Это ей не понравилось.
– В наивности твоя сила, Финкель, даже обманывать не хочется… Что ты прилип ко мне? Вон сколько красоток, всегда пожалуйста! Ты, Финкель, недостаточно безрассуден.
Повинился:
– Недостаточно.
– Это мы поправим.
Увлекла на ночной пляж, уплыли за буйки, ушли на глубину в иное бытие, невозможное на суше, – дыхания хватило на многое. Был восторг, была и боязнь столкнуться с холодным, скользким подводным существом, с его прикосновением к обнаженному телу. Уходили на дальний берег, купались, собирали камни, обкатанные волной; груду камней распихали по карманам, чтобы не платить за перевес багажа.
Самолет взлетел, и ребенок по соседству потянул к ней руки:
– Дай бусики.
– Не могу, – ответила без улыбки. – Подарок мужчины. Вот этого.
Ему сказала:
– Глупые мы, глупые, Финкель. Родили бы теперь мальчика… – взглянула коротко, впритык, оценив и приняв к сведению.
6
Был Новый год.
Немалые его надежды.
Пузырилось шампанское. Столы привлекали снедью. Женщины завлекали нарядами.
Прослушали бой часов с Кремлевской башни, прокричали «ура», выпили по первому бокалу, и Зисл сказала:
– Выхожу замуж.
– За меня?
– Нет, Финкель, не за тебя.
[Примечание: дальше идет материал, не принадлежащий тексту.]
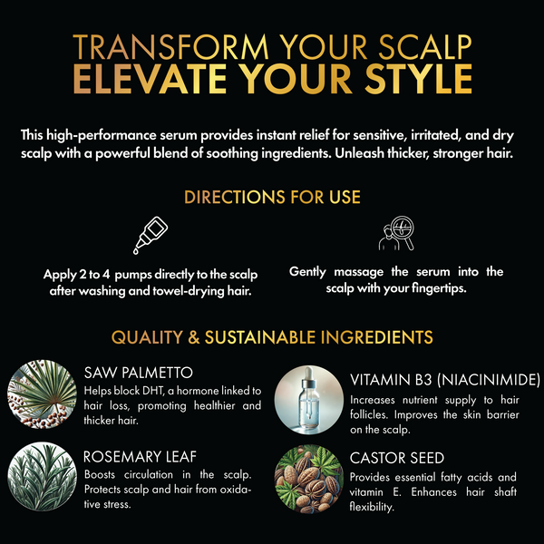 Transform your scalp, transform your style. This high-performance serum provides instant relief for sensitive, irritated, and dry scalps with a powerful blend of soothing ingredients. Support a healthy scalp environment, where rosemary oil (known for its potential in hair regrowth) can work its magic. Unleash thicker, stronger hair for a look that commands attention.

Была вольной пташкой, стану птицей окольцованной.
Ночью бродил возле ее дома, пьяный от вина, обиды, жалости к самому себе, грозил кулаком этажу ее обитания. Подвыпивший дядечка не мог попасть в свой подъезд, промахиваясь с каждой попыткой, и Финкель сообщил ему доверительно: «Мне кошки дорогу перебегают. Черные-пречерные. Повсеместно и неукоснительно». Дядечка ответил обреченно: «Всем перебегают…» – и снова не попал в дверь. Финкелю не понравились его слова: «Что бы ты понимал, алкаш! От меня женщина уходит, ясно тебе?» Тот ответил: «Женщина – она от всех уходит…» Закричал, затопал ногами: «Прекрати сейчас же! Не покушайся на мою исключительность!» Втолкнул дядечку в подъезд.
Назавтра она сказала:
– Не выхожу, не выхожу… Я передумала.
Развеселилась, закружила его по комнате:
– Обиделся? Нет, ты обиделся? Как тебе непросто будет со мной…
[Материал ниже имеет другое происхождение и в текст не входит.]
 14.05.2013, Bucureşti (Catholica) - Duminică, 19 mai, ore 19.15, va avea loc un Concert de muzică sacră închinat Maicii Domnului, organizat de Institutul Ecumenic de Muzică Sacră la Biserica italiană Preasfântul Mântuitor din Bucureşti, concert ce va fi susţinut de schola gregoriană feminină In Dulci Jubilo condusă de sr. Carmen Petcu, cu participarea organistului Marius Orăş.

Светофоры зеленели, когда торопился к ней, машины расступались услужливо, водители пропускали без прекословия. В палатке над бурливым потоком, под кленового листа пожар, они заползали в широченный спальный мешок, скроенный на двоих, засыпали в обнимку, вдыхая общие выдохи. Или спиной к нему, бедрами в выемке его живота, как чашка и блюдце, ее чашка, его блюдце. «Не выкладывай себя, Финкель, – остерегал незабвенный друг, – всего не выкладывай. Что-нибудь оставь про запас».
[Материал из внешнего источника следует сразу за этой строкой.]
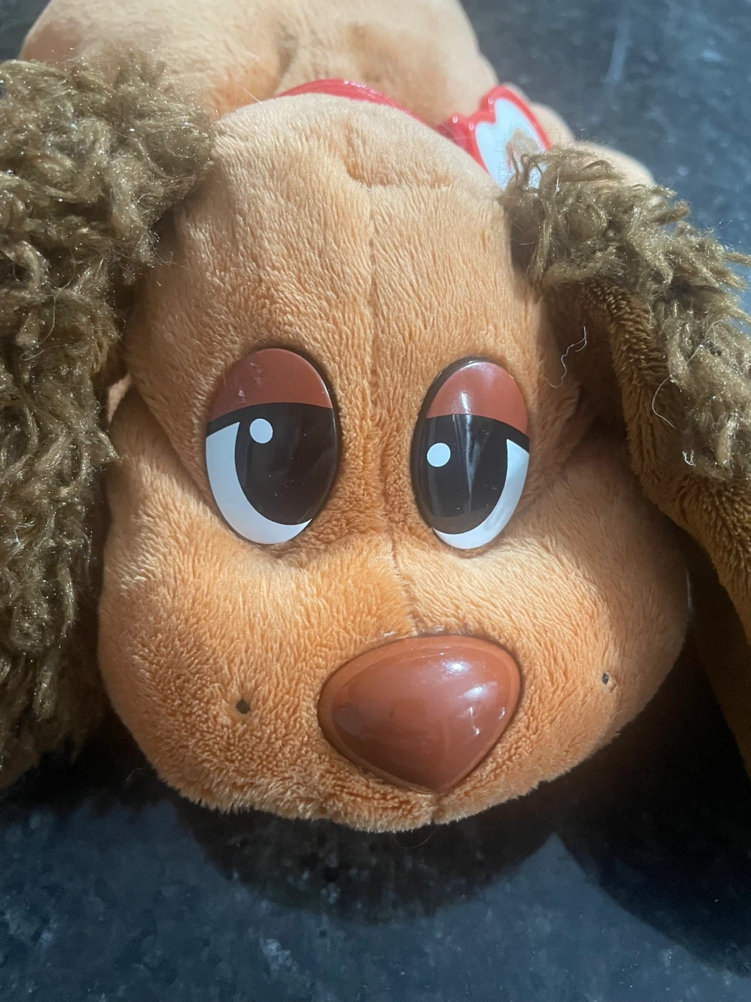 A cute and cuddly Pound Puppies plush toy looking for a new home! Pick up in Chappelle.

Встречи продолжались. Продолжалось мучительное ликование. Впопыхах. Урывками. Жгучим верховым палом по макушкам сухостоя, под ураганный ветер, не опускаясь до корневищ. «Мы еще до или уже после?» – «До. Всегда – до. Что ты затих, Финкель? Скажи слово». – «Можно я буду любить тебя молча?..» Возле нее было блаженно засыпать, не ощущая веса тела, и открывать поутру глаза в ожидании неотвратимого, словно выдали ее временно, на подержание, но скоро подойдут и отнимут. «Не по заслугам, – скажут. – Не по мужским вашим достоинствам».
– У тебя хороший характер, Финкель, – говорила, примериваясь. – С тобой можно жить.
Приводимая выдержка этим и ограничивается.